Rockford Aldermen approve a new 2018 budget, that includes ways to generate revenue for the city.  One of the measures is a utility tax on natural gas and electricity. Residents could see the Utility Tax on their gas and electric bills within the next 90 days. It’s a move that many Alderman said they didn’t want to approve, but felt as if they had to.
“Reluctantly, I will voting for the utility tax,” said Ald. Tim Durkee (R-1st).  Reluctant votes were the theme at Monday night’s City Council meeting. “Nobody wants to vote ‘yes’ on a utility tax here,” said Ald. Kevin Frost (R-4th). 

“I didn’t do over 70 meetings because I thought a utility tax was good,” said Rockford Mayor Tom McNamara. ” It’s the last thing I wanted to do.” Nine aldermen voting in favor of the 5% Utility Tax, while just three, like Alderman Venita Hervery (D-5th) voted against it. “I will not be supporting the utility tax, that’s been an underlying theme for a long time,” said Hervey. “That’s a promise I’m not going to break.”

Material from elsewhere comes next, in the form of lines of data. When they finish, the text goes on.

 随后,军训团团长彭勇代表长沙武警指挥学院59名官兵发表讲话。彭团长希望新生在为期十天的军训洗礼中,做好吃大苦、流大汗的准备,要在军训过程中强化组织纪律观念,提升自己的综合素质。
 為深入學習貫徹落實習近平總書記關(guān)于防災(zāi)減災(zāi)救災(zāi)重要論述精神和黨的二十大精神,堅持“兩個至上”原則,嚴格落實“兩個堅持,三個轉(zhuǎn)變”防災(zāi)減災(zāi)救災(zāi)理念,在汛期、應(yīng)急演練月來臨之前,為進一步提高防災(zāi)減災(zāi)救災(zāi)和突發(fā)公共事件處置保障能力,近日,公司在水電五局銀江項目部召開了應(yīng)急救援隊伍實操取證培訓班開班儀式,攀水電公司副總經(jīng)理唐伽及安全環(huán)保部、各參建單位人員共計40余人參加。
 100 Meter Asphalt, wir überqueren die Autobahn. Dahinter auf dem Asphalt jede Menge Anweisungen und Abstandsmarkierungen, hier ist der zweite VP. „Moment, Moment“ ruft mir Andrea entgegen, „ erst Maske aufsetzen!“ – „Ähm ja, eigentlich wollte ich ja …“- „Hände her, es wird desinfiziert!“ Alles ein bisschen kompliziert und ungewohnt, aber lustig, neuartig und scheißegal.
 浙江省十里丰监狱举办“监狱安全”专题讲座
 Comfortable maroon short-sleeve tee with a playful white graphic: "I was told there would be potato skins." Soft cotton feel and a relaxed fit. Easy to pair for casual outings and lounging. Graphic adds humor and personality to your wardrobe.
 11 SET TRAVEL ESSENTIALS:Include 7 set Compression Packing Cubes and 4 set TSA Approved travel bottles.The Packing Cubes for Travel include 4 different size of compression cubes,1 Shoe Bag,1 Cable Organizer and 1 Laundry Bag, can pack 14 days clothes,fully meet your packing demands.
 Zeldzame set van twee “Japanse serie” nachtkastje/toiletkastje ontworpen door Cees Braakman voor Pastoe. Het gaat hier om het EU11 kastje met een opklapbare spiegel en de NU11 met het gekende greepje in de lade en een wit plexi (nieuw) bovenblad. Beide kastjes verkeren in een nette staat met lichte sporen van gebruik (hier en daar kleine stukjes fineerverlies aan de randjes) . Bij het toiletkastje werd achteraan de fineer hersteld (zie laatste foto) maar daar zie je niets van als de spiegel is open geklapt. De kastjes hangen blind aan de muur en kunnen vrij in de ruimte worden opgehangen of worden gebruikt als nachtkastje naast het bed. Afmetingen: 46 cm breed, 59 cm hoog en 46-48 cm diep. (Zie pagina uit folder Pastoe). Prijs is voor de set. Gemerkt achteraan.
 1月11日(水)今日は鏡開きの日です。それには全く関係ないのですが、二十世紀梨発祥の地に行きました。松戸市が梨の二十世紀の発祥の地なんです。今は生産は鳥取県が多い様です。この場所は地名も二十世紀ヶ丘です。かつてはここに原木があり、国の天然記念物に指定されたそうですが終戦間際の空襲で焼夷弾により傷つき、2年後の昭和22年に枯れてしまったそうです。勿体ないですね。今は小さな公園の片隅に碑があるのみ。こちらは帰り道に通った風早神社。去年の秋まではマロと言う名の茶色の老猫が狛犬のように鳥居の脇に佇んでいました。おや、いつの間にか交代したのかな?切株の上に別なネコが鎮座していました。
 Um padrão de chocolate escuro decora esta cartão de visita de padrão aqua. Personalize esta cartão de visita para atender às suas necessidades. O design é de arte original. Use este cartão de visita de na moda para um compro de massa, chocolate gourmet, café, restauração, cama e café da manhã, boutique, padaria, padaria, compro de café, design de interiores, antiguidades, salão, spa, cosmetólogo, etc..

For residents, the utility tax will mean an extra 5-dollars  on a 100- dollar electric bill. Gas bills will also go up.  

“It’s a much more difficult path for citizens that have to live in our community, that would turn on their lights or put on their heat,” said McNamara.  The Mayor adds with or without Home Rule, Rockford needs money.  Finance Committee Chairman John Beck (R-12th) says the Rockford doesn’t have many other options.  “I was really hopefully we would have had Home Rule pass,” said Ald. Beck. “That would have given us access to revenue sources that would have been widely dispersed and wouldn’t have been as onerous on low-income folks or small business.”

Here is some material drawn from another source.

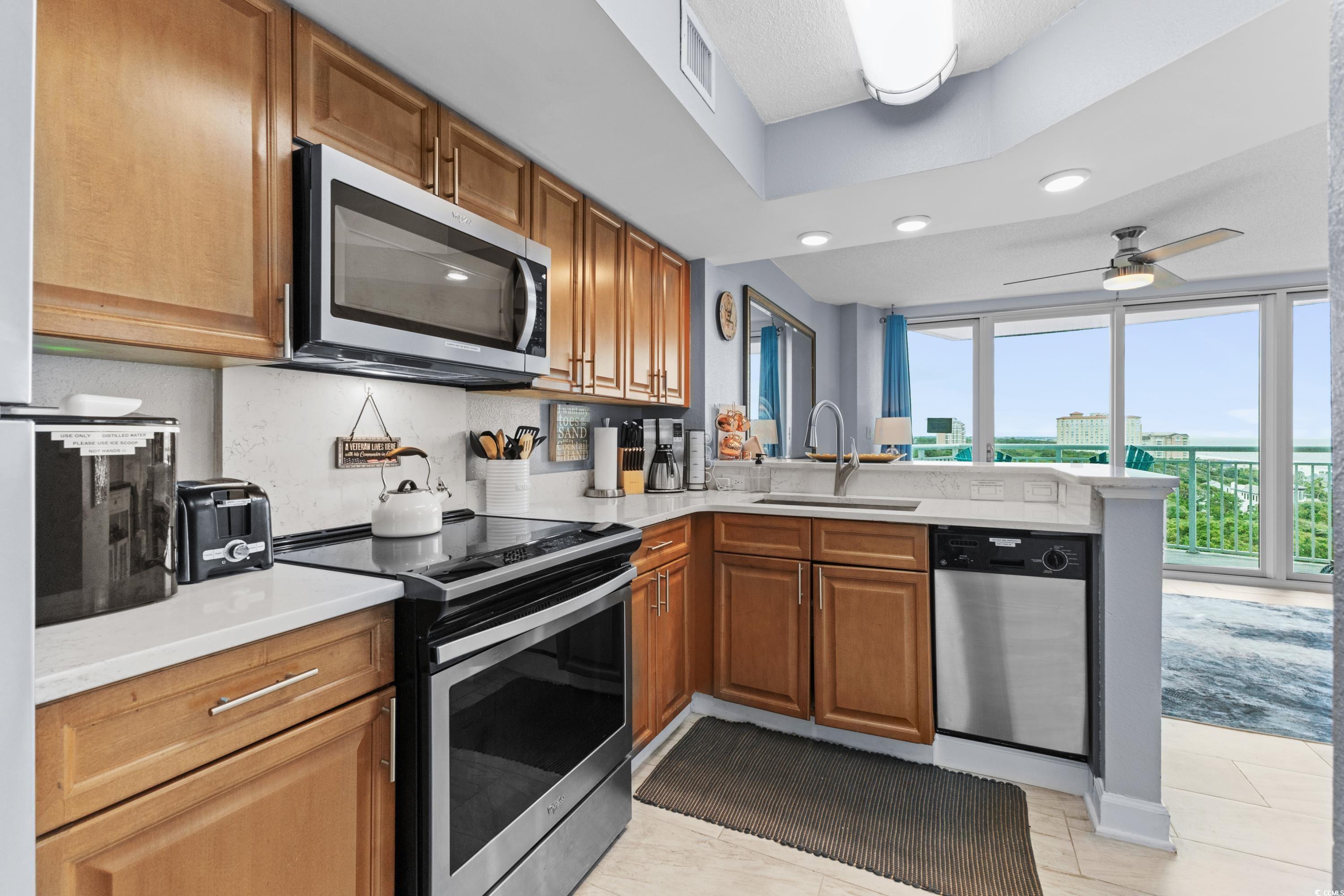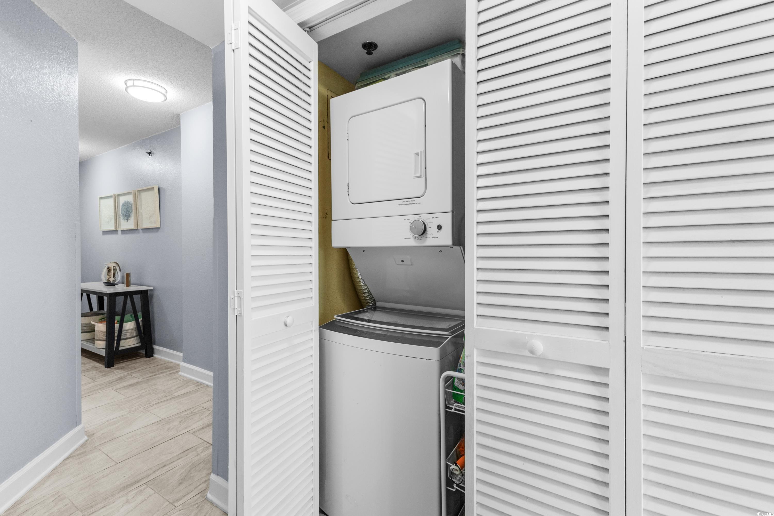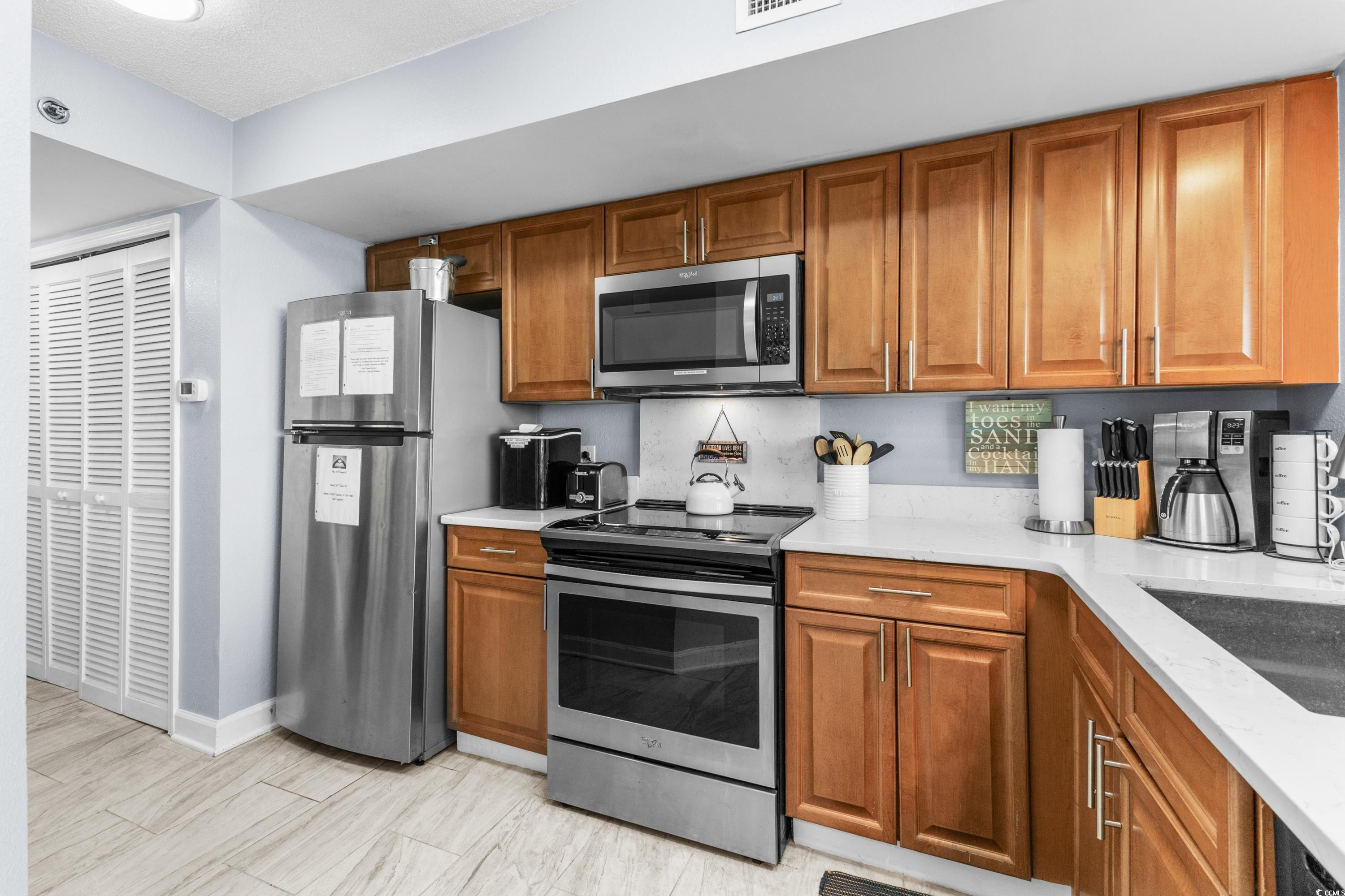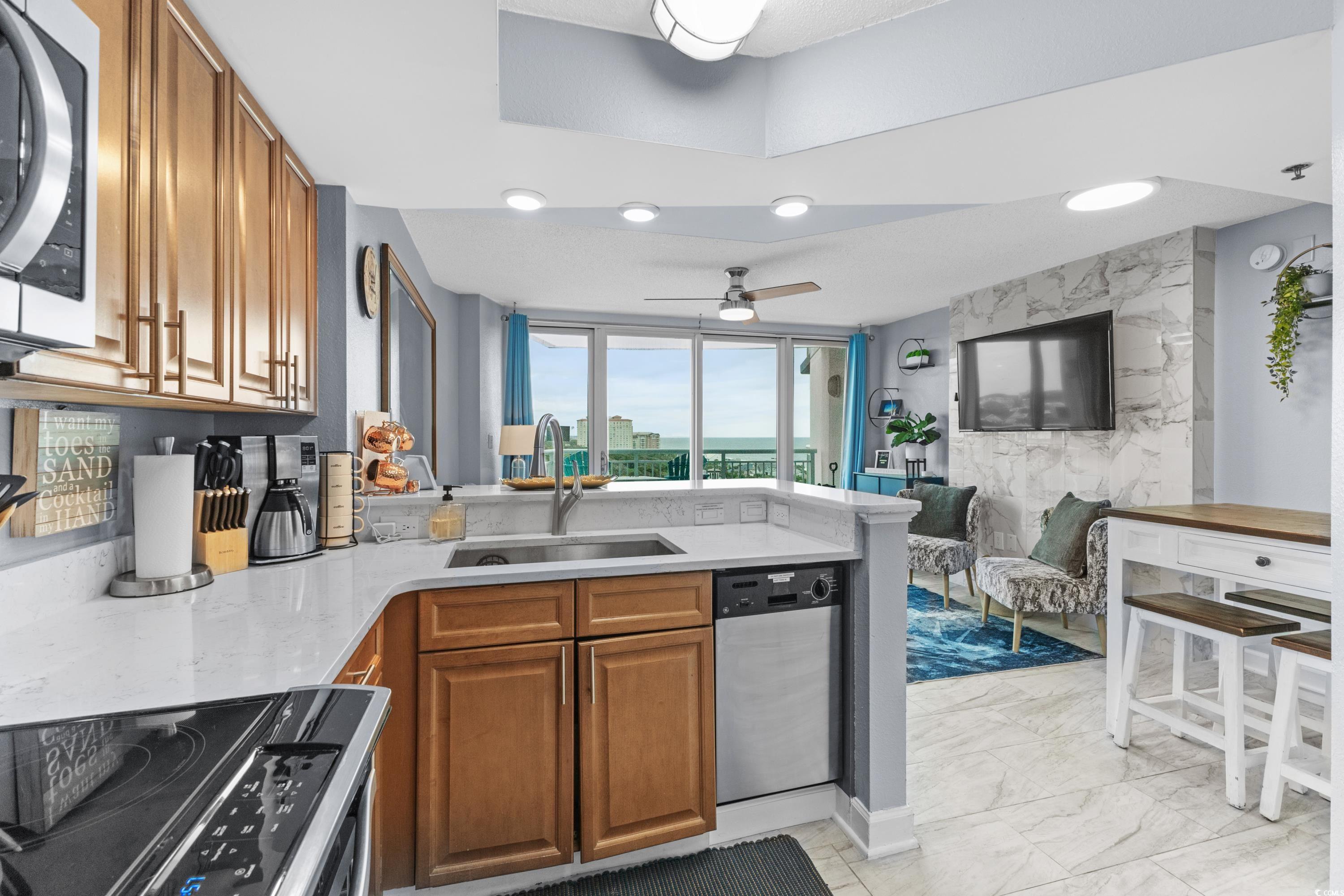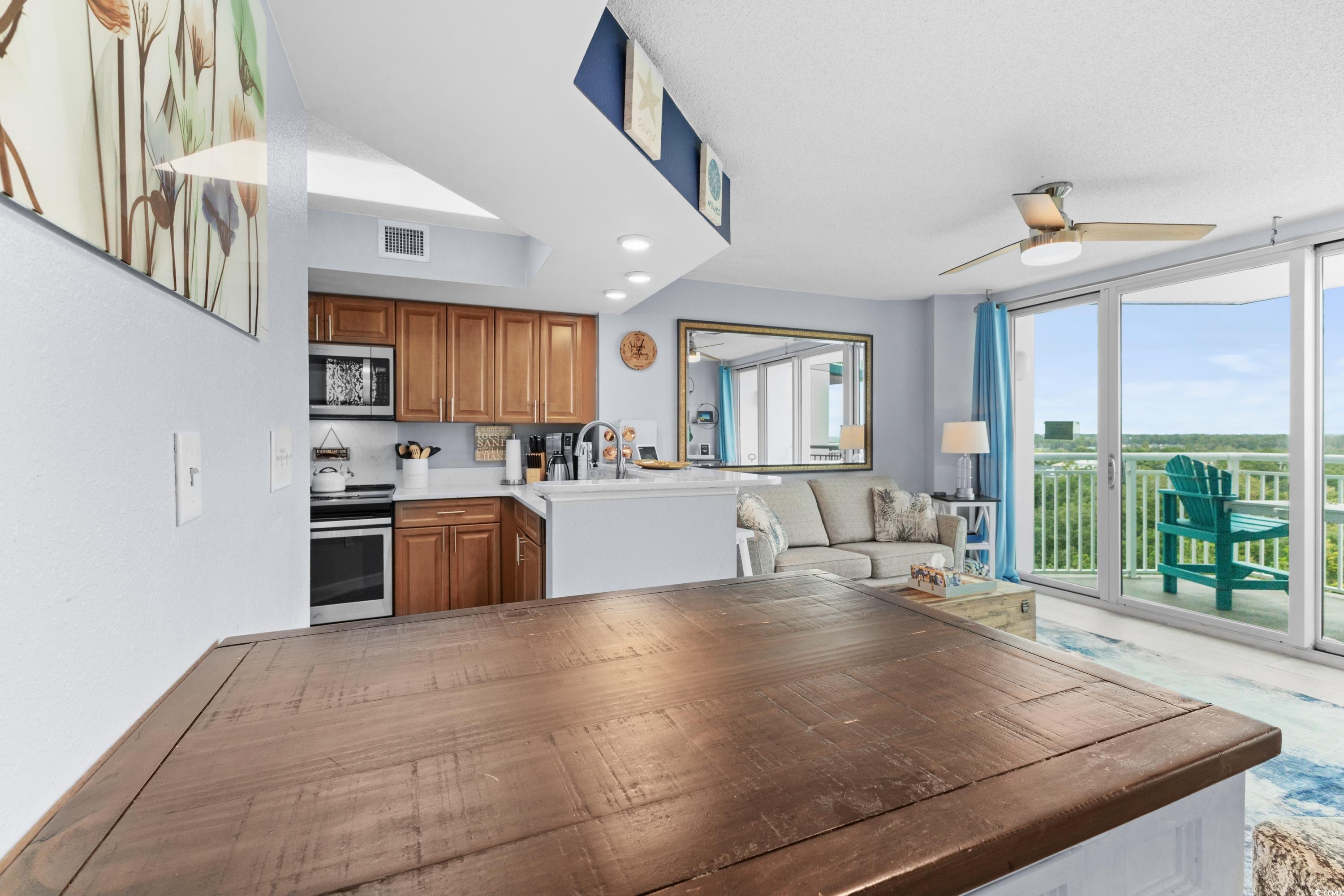 Stunning unit with unparalleled vistas! Nestled on the corner of the 6th floor at Horizon on 77th, this 2-bedroom, 2-bath residence offers both elegance and functionality. A thoughtfully designed living space opens to a balcony showcasing sweeping views of the Atlantic Ocean and the Forest Dunes section of Myrtle Beach, creating the perfect setting to enjoy sunrises, ocean breezes, and coastal living at its finest. Modern finishes throughout include tile flooring, sleek quartz countertops, stainless steel appliances, and a stylish accent wall. This condo is being offered fully furnished and turn-key ready. For added peace of mind, a brand-new HVAC system was installed in 2025. The Horizon at 77th was designed with convenience in mind, featuring climate-controlled walkways connecting to a four-level parking garage, gated entry, and security elevators. Residents and guests enjoy an array of resort-style amenities, including indoor and outdoor elevated pools, hot tub, a lazy river, a rooftop sundeck with fire pits, and fully equipped fitness center. Ownership is made easy with all-inclusive HOA fees that cover exterior insurance, electricity in the unit and water. This is an ideal option for a primary residence, a vacation retreat, or an investment property. Tucked away in a serene area of the Grand Strand, yet only moments from shopping, dining, golf, and entertainment. Experience the exceptional lifestyle offered at the Horizon on 77thschedule your private showing today and step into your new coastal escape.

Once the city starts collecting the tax, it can generate about $4 million in revenue in it’s first year, which helps with the Rockford’s pension costs for police and fire.  Five years ago, pension costs were just under 10 million, and this year they’ve increased to over 17 million.  “It continues to rise at a dramatic pace, at a pace that our revenue can’t keep up with,” said McNamara. “At this point, either cut police officers or find new revenue source, which we don’t have many options, outside of the utility tax.”

The budget also includes, a $400,000 reduction in the property tax lev ,and  investments in technology for public safety.